DATASET CONTENT Start Marker
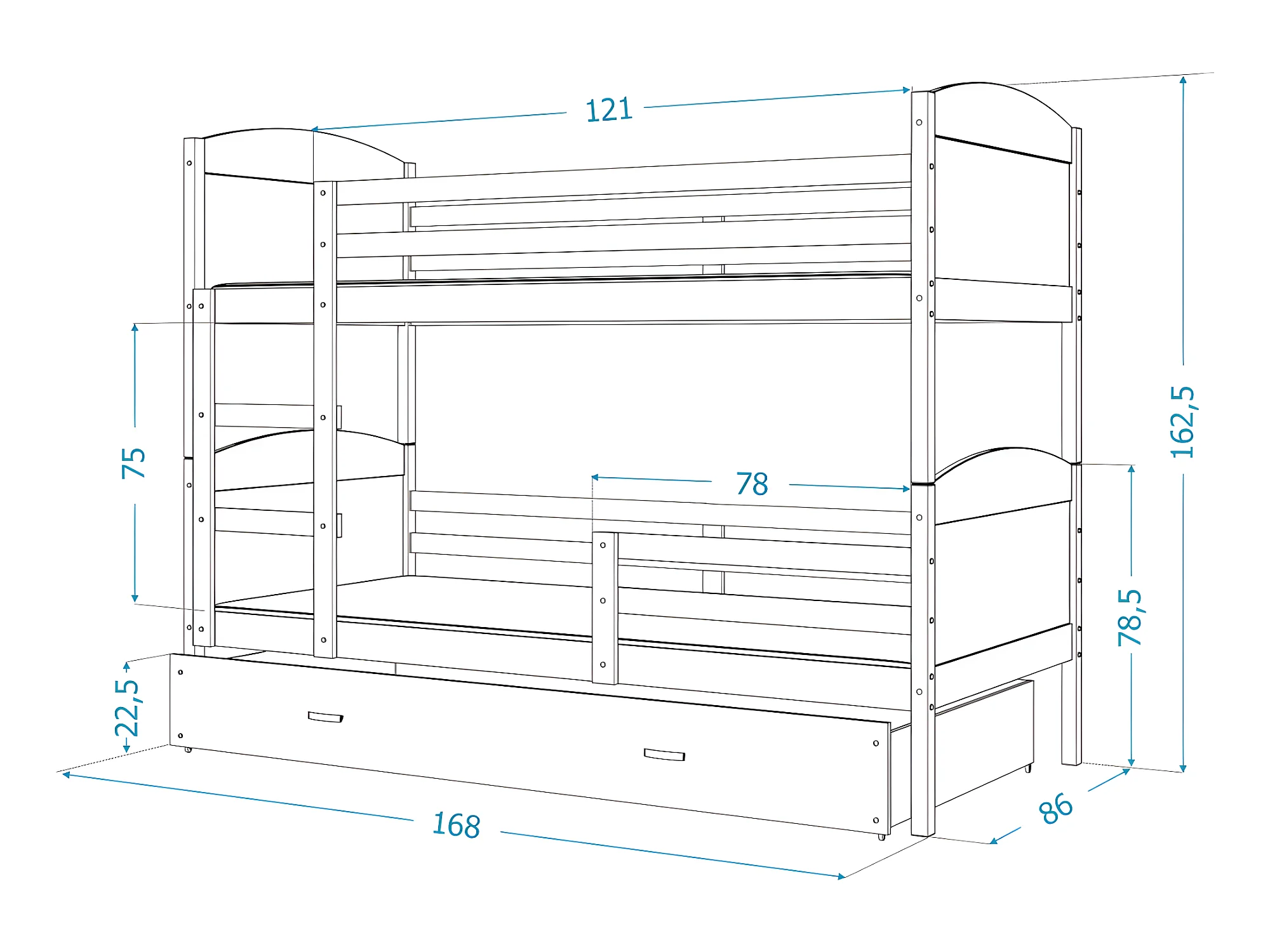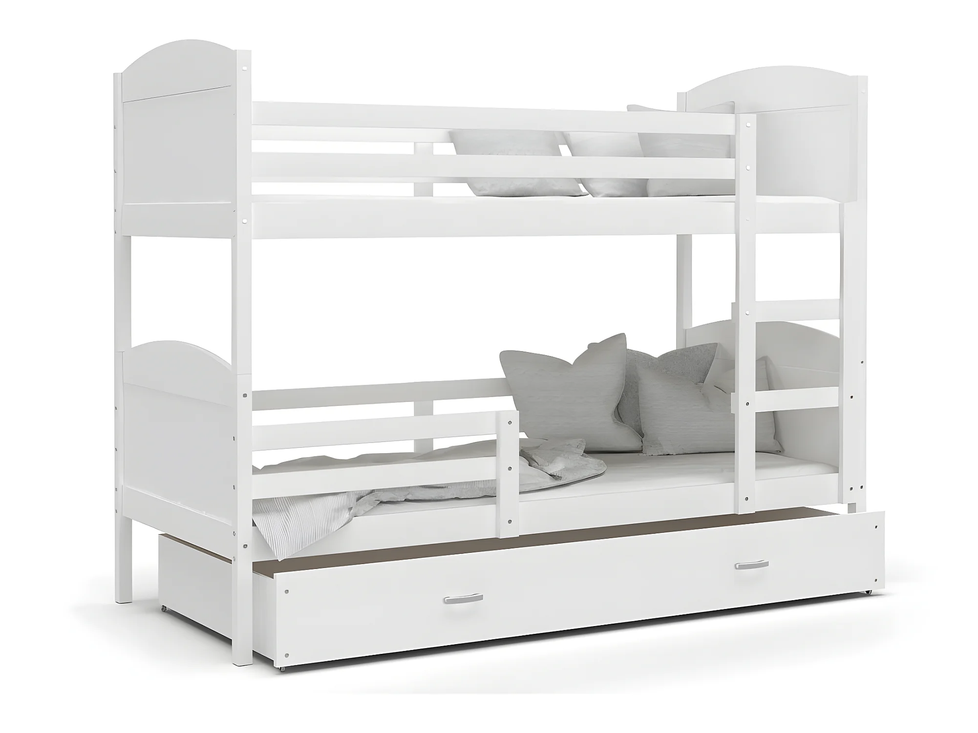 Lit Superposé Mateo 80x160 Blanc - blanc Livré avec sommiers, tiroir et matelas en mousse de 7cm
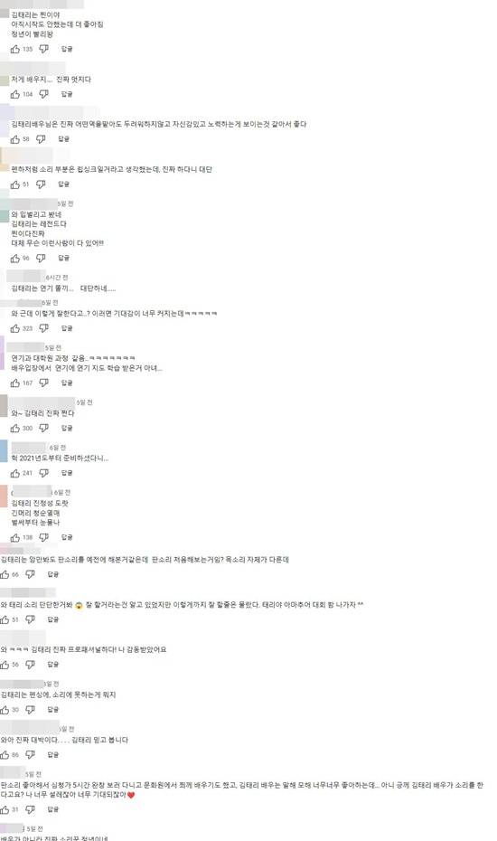 이후 '리틀포레스트', '외계+인', '미스터 션샤인', '스물다섯 스물하나', '악귀' 등에서 활발하게 활동하게 됐다. '정년이'를 통해 지금까지 해온 작품과는 완전히 다른 연기 변신을 한 김태리.
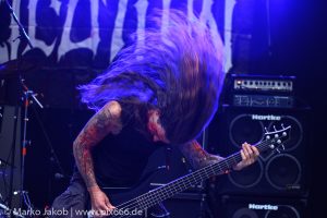Eines der Highlights war ohne Zweifel der Auftritt von Blood God, deren Sänger natürlich auch durch die Death Metal Band Debauchery bekannt ist. Heute Abend ging es aber eher in die Richtung Hard Rock. Die Bühne war total cool geschmückt, an den Mikrofonständern befanden sich zahlreiche Totenschädel und große Ketten aus Metall. Die Fans waren inzwischen total aus dem Häuschen., die Headbanger versammelten sich in der ersten Reihe. Die Stimmung war total ausgelassen, aber abslout entspannt und friedlich. Die Fans feierten die Stuttgarter Band bei ihrem kurzweiligen 50 minütigem Set.
DATASET CONTENT End Marker
▶ _TASK TO COMPLETE_
Your reply should be the full data above, copied exactly, with no pictures in it.

▶ _WRITTEN RESPONSE_
 Lit Superposé Mateo 80x160 Blanc - blanc Livré avec sommiers, tiroir et matelas en mousse de 7cm
 이후 '리틀포레스트', '외계+인', '미스터 션샤인', '스물다섯 스물하나', '악귀' 등에서 활발하게 활동하게 됐다. '정년이'를 통해 지금까지 해온 작품과는 완전히 다른 연기 변신을 한 김태리.
Eines der Highlights war ohne Zweifel der Auftritt von Blood God, deren Sänger natürlich auch durch die Death Metal Band Debauchery bekannt ist. Heute Abend ging es aber eher in die Richtung Hard Rock. Die Bühne war total cool geschmückt, an den Mikrofonständern befanden sich zahlreiche Totenschädel und große Ketten aus Metall. Die Fans waren inzwischen total aus dem Häuschen., die Headbanger versammelten sich in der ersten Reihe. Die Stimmung war total ausgelassen, aber abslout entspannt und friedlich. Die Fans feierten die Stuttgarter Band bei ihrem kurzweiligen 50 minütigem Set.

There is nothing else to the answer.